Coronavirus. Abbiamo testato per voi la app Immuni: ecco le prime impressioni

La partenza è buona. L’app è come ci si aspettava e i bug segnalati, almeno nelle prime ore, non sono molti. Qualche dubbio arriva però sul sistema di notifica

Semplice, chiara, molto attenta alla grafica e alla trasparenza con l’utente. La prima impressione che lascia Immuni è quella di un prodotto pensato per lasciare pochi dubbi a chi dovrà usarlo. Una risposta forse alle tante domande che hanno accompagnato il rilascio di questa applicazione, avvenuto solo nel tardo pomeriggio di ieri, 1 giugno, dopo l’approvazione del Garante della privacy. Dubbi legittimi, per uno strumento che ci dovrebbe accompagnare in questa Fase 2 dell’epidemia di Coronavirus.


L’app ora è disponibile. Si può scaricare direttamente dal sito immuni.italia.it. Qui sono disponibili le versioni per Android e iOS, i sistemi operativi di Google e Apple. È ancora in lavorazione quella per AppGallery, lo store di Huawei su Android che raccoglie applicazioni ottimizzate per i dispositivi prodotti dal marchio cinese. Sempre sul sito di Immuni è possibile trovare anche il codice sorgente, già pubblicato nei giorni scorsi su GitHub. C’è poi un pacchetto di grafiche per i media da cui arrivano le immagini che vedete in questo articolo, anche perchè l’app almeno su Android non permette di fare screenshot.


Cosa si può fare con l’app Immuni

Immuni | Home page e stato dell’app

Le sorprese sono poche. Sembra che Immuni sia esattamente come ci si aspettava. Dalla schermata iniziale si può accedere a due sezioni: Cosa puoi fare per proteggerti e Come funziona l’app. Nella prima sezione troviamo un riepilogo di tutte quelle norme che abbiamo imparato a conoscere in questi giorni, nella seconda invece una spiegazione più dettagliata di come funziona la tecnologia alla base del sistema di contact tracing di Immuni.

Entrando nelle Impostazioni si capisce meglio anche come funziona la parte legata al Sistema sanitario nazionale. Ogni volta che si apre la sezione Gestione dati viene generato un codice: è proprio questa la sequenza di numeri e lettere che il personale sanitario userà per segnalare sul registro pubblico di Immuni un paziente positivo al Covid-19. In questo modo tutte le persone entrate in contatto con lui potranno ricevere una notifica sulle loro app.
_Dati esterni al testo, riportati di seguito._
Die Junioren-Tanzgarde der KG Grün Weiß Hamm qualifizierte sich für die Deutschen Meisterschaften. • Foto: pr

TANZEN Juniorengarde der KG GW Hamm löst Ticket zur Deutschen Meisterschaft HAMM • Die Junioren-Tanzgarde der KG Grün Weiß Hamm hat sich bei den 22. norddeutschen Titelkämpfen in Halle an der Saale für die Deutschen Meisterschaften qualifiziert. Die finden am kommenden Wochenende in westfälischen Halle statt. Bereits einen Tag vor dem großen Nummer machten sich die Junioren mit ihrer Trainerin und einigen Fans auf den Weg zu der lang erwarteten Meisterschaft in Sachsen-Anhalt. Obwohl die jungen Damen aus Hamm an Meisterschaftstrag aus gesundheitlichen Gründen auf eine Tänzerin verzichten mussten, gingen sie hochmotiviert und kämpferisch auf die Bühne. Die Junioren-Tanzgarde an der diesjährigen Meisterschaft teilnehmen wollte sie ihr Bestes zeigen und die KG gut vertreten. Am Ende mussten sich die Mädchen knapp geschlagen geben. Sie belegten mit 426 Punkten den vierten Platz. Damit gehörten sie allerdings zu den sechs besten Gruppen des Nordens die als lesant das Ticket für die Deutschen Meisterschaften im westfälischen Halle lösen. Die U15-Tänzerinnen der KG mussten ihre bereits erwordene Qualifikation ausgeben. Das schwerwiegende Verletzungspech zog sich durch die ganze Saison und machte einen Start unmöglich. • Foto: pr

Immuni | La sezione Impostazione dell’app

Sempre nelle Impostazioni troviamo anche una sezione dedicata all’Informativa della privacy. Prima si approda su un recap con tutti i punti principali, come il tracciamento senza usare il Gps o cancellazione dei dati entro il 31 dicembre del 2020. E poi si può anche arrivare al documento integrale che contiene tutta l’informativa.

C’è solo un dubbio per la schermata principale: il messaggio sullo stato del servizio. Visto che Immuni non usa la geolocalizzazione, si deve impostare sia la provincia che la regione in cui ci si trova per permettere all’app di accedere al sistema sanitario. Digitando sia regioni che cominceranno i test l’8 giugno (Liguria, Puglia, Marche e Abruzzo) sia regioni che al momento sono escluse, il messaggio nella schermata iniziale indica sempre “Servizio Attivo”.
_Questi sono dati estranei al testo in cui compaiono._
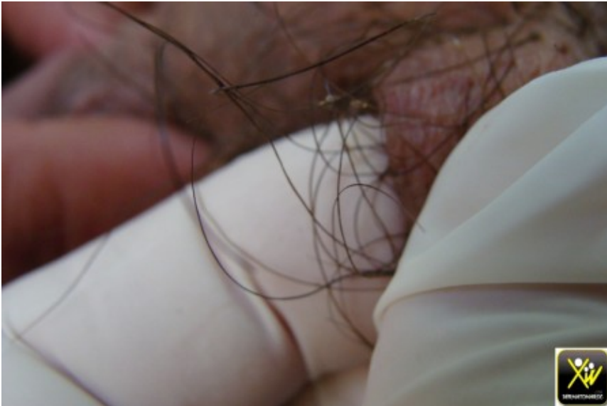
Prurit Pubien isolé.

La notifica per il contatto avvenuto con un utente positivo

Immuni | La notifica di “esposizione a rischio”

Immuni funziona solo attraverso le notifiche dell’app. Non invierà sms, mail o altre forme di comunicazione digitale quando dovrà informare i suoi utenti di aver avuto un contatto con un paziente positivo. Una volta ricevuta questa notifica poi non ci sarà alcun obbligo. Starà alla responsabilità dell’utente mettersi in quarantena per evitare altri contagi e chiedere di fare un tampone al centro di riferimento più vicino al luogo in cui si trova.
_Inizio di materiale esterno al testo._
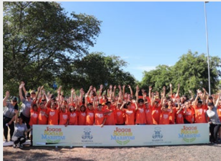
BRASIL: JUEGOS SOCIALES MARISTAS
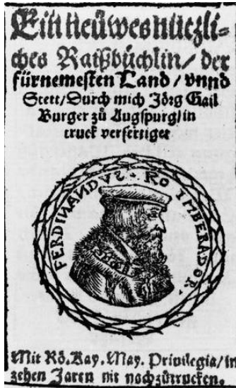
Abbildung 3: Deckblatt aus dem Raißbüchlin (Reisebüchlein, 1563 in Augsburg veröffentlichtes Routenhandbuch) (Anonym, 2024)

“Raißbüchlin“ begann auch die Produktion gedruckter sog. Itinerare mit exemplarischen Reiseverläufen an, die sich an die im Spätmittelalter bekannten Pilgerführer anlehnten.

I bug che sono stati segnalati nelle ultime ore su GitHub da chi sta provando l’applicazione sono pochi e riguardano soprattutto l’attività in background, cosa che però dovrebbe essere di competenza di Google e Apple. Uno però è interessante. Secondo la segnalazione dell’utente mirkocazzolla infatti nel codice della notifica ci sarebbe anche la data di quando sarebbe avvenuto il possibile contagio. Un’informazione che, in alcuni casi, potrebbe rivelare l’identità del paziente risultato positivo.